В СМИ регулярно появляются сообщения о нарушениях прав мусульман в российских исправительных учреждениях. Эту проблему историк и ведущий подкаста "Хроника Кавказа" Майрбек Вачагаев обсуждает с Верой Мироновой, научной сотрудницей Гарвардского университета, которая исследует проблему нарушения прав в колониях и тюрьмах.
– Что сподвигло вас исследовать тему положения мусульман в пенитенциарной системе России?
– Первая моя книга была об ИГИЛ и террористах в Сирии, соответственно, эти люди стали героями моей второй книги, потому что половина из них закончила свое существование – они в тюрьме на долгие сроки. Я же все равно с ними дружу и продолжаю поддерживать знакомство. Они мне рассказывают, что творится в тюрьмах. Это с одной, с научной стороны.
С другой стороны, это из-за коронавируса. Я приехала из Ирака, где пробыла 6 лет. Я сидела дома, но это было такой логичной темой, которой я могла заниматься со своего дивана, потому что я не въездная в Россию от слова "никогда". Соответственно, в тюрьму попасть невозможно, но есть такой момент, что у них почти у всех есть телефоны. Это была удивительная "полевая работа" прямо с дивана, очень удобно. За эти два года коронавируса я смогла написать эту работу.
– Что вас интересовало в интервью с людьми, которых вы знали еще по Сирии и Ираку?

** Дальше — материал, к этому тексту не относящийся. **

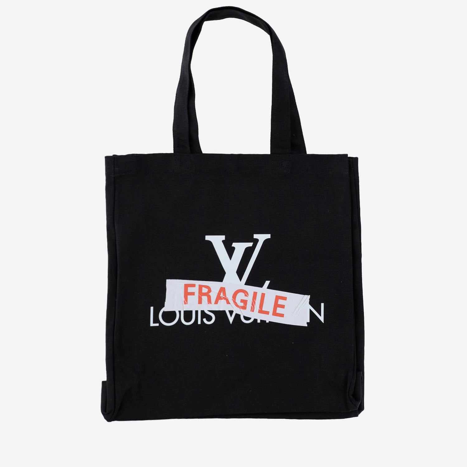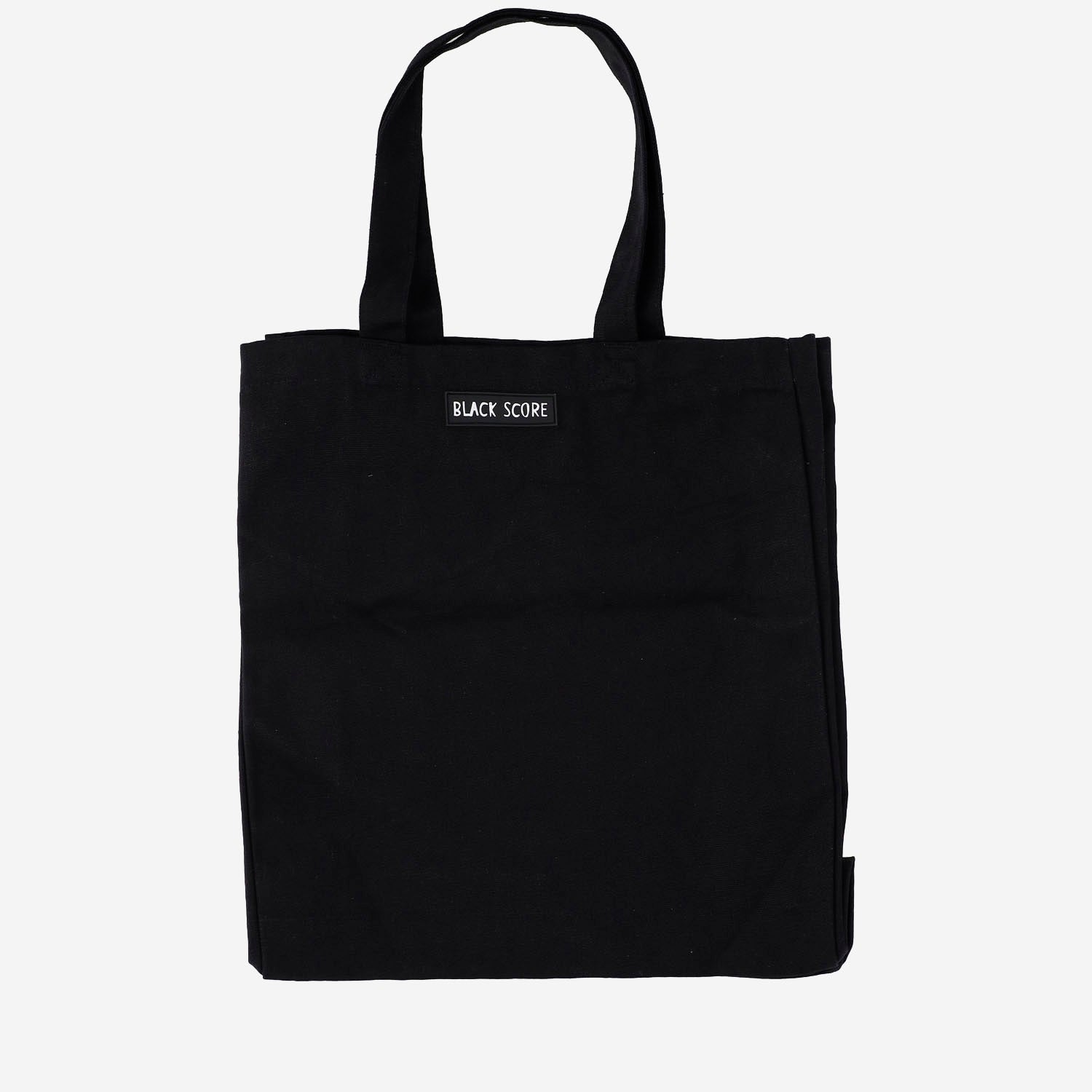 Black Score Cotton Shopping Bag With Print

– Во всей этой теме тюрьмы меня интересовало две вещи. Оставим ислам или джамааты в стороне, меня интересовали воровские ребята. С этой точки зрения я смотрела на воровские правила, а потом на то, как в тюрьмах, где уже заехали ребята более исламистские, как у них начались конфликты за влияние. Мы же понимаем, что это не просто одна группа людей и другая. Это две идеологии. И как они между собой вот в этих тюрьмах взаимодействовали. Тюрьма – это вообще аквариум. Ты не можешь ни войти, ни выйти. И это такой эксперимент. Когда мы делаем эксперимент над мышами, то мы сажаем их в аквариум, что-то с ними делаем и смотрим, как они реагируют. Потому что на них нет никакого внешнего воздействия, они сидят себе в вакууме.
Воровские всегда активны в вопросе отстаивания прав верующих мусульман
Для меня тюрьма – это именно оно. Это был такой пример эксперимента в лабораторных условиях. Воровская идеология существовала с 30-х годов ХХ века. И тут из ниоткуда на них упала толпа людей другой идеологии и как они там начали договариваться или конфликтовать?

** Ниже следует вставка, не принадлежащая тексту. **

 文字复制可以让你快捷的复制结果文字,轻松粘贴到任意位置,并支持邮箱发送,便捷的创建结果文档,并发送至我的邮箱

– Вы часто используете слово "исламист". Потому что в русском языке этот термин несет в себе исключительно негативный смысл.
– Когда я говорю "исламист", я имею в виду не религию, а исключительно членство в организации, которая использует ислам как их идеологию. В нашем случае это "Имарат Кавказ", ИГИЛ. То есть это ребята, которые состоят в этих организациях, они за них воюют, и они за них же и сели.

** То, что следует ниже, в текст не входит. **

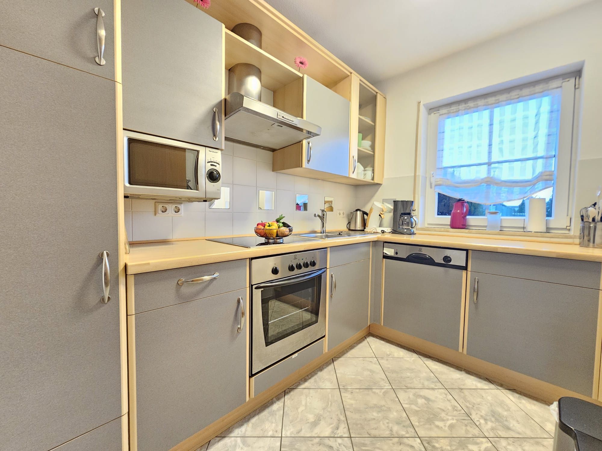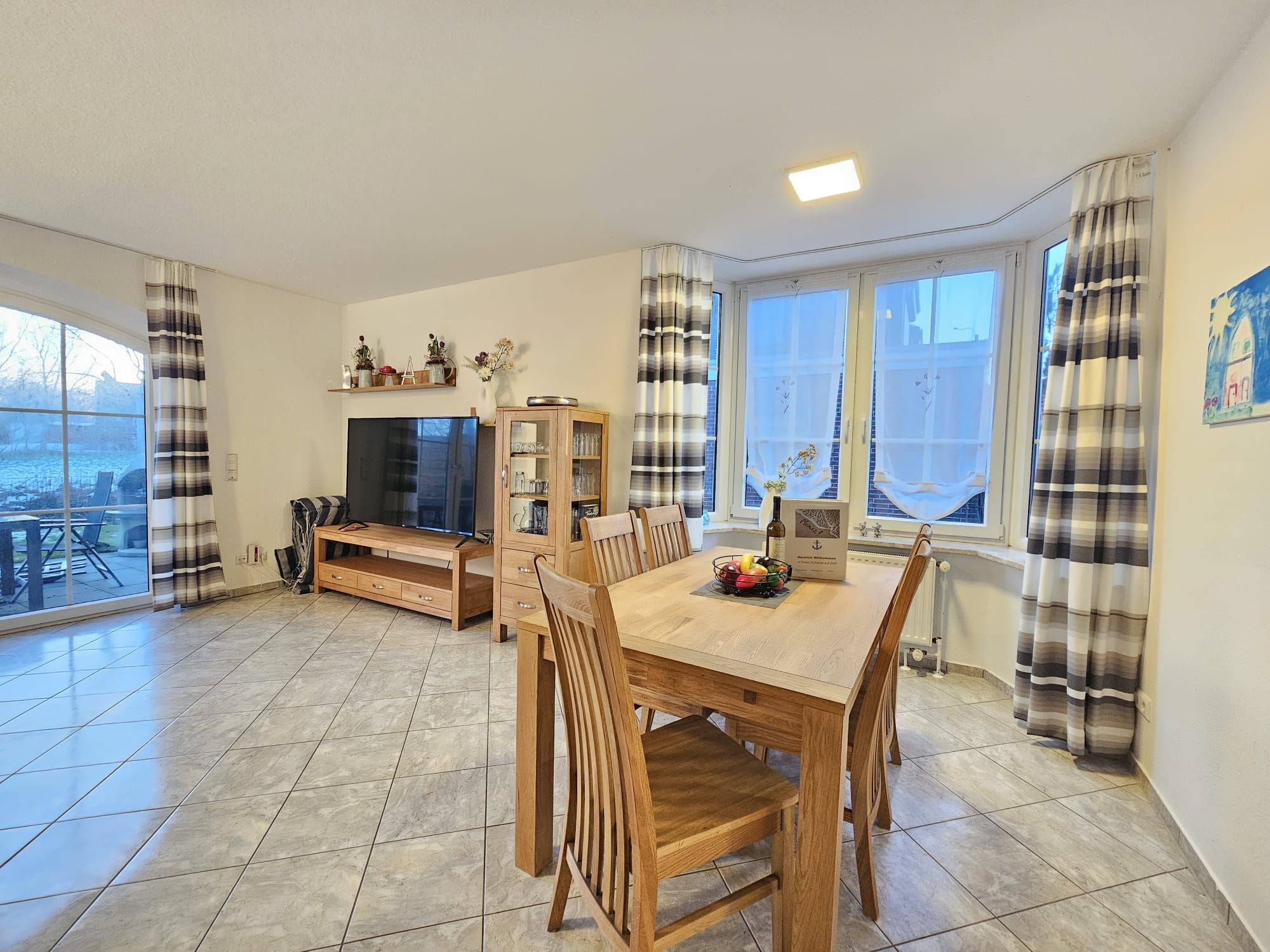 Der offen gestaltete Essbereich mit angrenzender Küche lädt zu gemeinsamen Mahlzeiten ein. Die Küche ist funktional und vollständig ausgestattet, sodass Sie sich bequem selbst versorgen können. Zur Ausstattung gehören:

В случае тюрьмы там есть джамааты., то есть это организации. Я знаю очень много верующих мусульман, которые не входят в джамааты в тюрьмах и продолжают сидеть, двигаться с воровскими. Когда мы смотрим на тюрьму, мы должны разделять – верующих мусульман и тех, кто входит в джамааты. Мы можем про это поговорить.
– С чем сталкивается человек, исповедующий ислам в местах с действующими воровскими законами?
– Там, где сильны воровские законы, там нет проблем у верующих мусульман. По воровским понятиям, за образ жизни спроса нет. Есть большое уважение к религии, к любой. Воровская идеология строится на том, что ты уважаешь меня, а я уважаю тебя. Поэтому я точно знаю ситуации, когда воровская среда влияла на администрацию, чтобы разрешить намазы, чтоб разрешился вопрос с халяльной едой. Рамадан – это всегда проблема [в условиях заключения]. Воровские всегда активны в вопросе отстаивания прав верующих мусульман.
В чем проблема – так это в джамаатах в стенах колоний или СИЗО. Можно ли называть это религиозной организацией? Я не знаю. Можно ли называть религиозной организацией "Имарат Кавказ" или ИГИЛ? Я так не считаю. Потому что это группа людей, которая отстаивает свои права, прикрываясь религиозной идеологией. Это моя точка зрения.
Что такое джамаат? Рассмотрим детально, не называя конкретного названия зоны. В 90-е годы ХХ века, когда туда заехали ребята с чеченской войны, было все нормально. Они отдельно жили, никому не мешали, было взаимное уважение с ворами. Но со временем эта категория начала увеличиваться в количественном отношении. Если ты хочешь получить власть в тюрьме, ты должен брать количеством. Те ребята, кто основал в те годы джамааты рамках той или иной колонии, они уже давно вышли. Мы же говорим сегодня о тех, кто идет во втором или в третьем поколении (уровне) сейчас. Надо увеличить свое влияние, а значит, нужно увеличить количество членов джамаата. Так кого мы будем брать? Ребятам было нормально с воровскими сидеть. А кому ненормально? Те, у кого не все по жизни ровно. Пример – это человек, который торговал наркотиками. От такого человека требуют больших взносов в общак. И он решает присоединиться к исламистам. Тем самым он поднимается на более высокий уровень. Что надо делать? Молиться 5 раз в день? Мне несложно.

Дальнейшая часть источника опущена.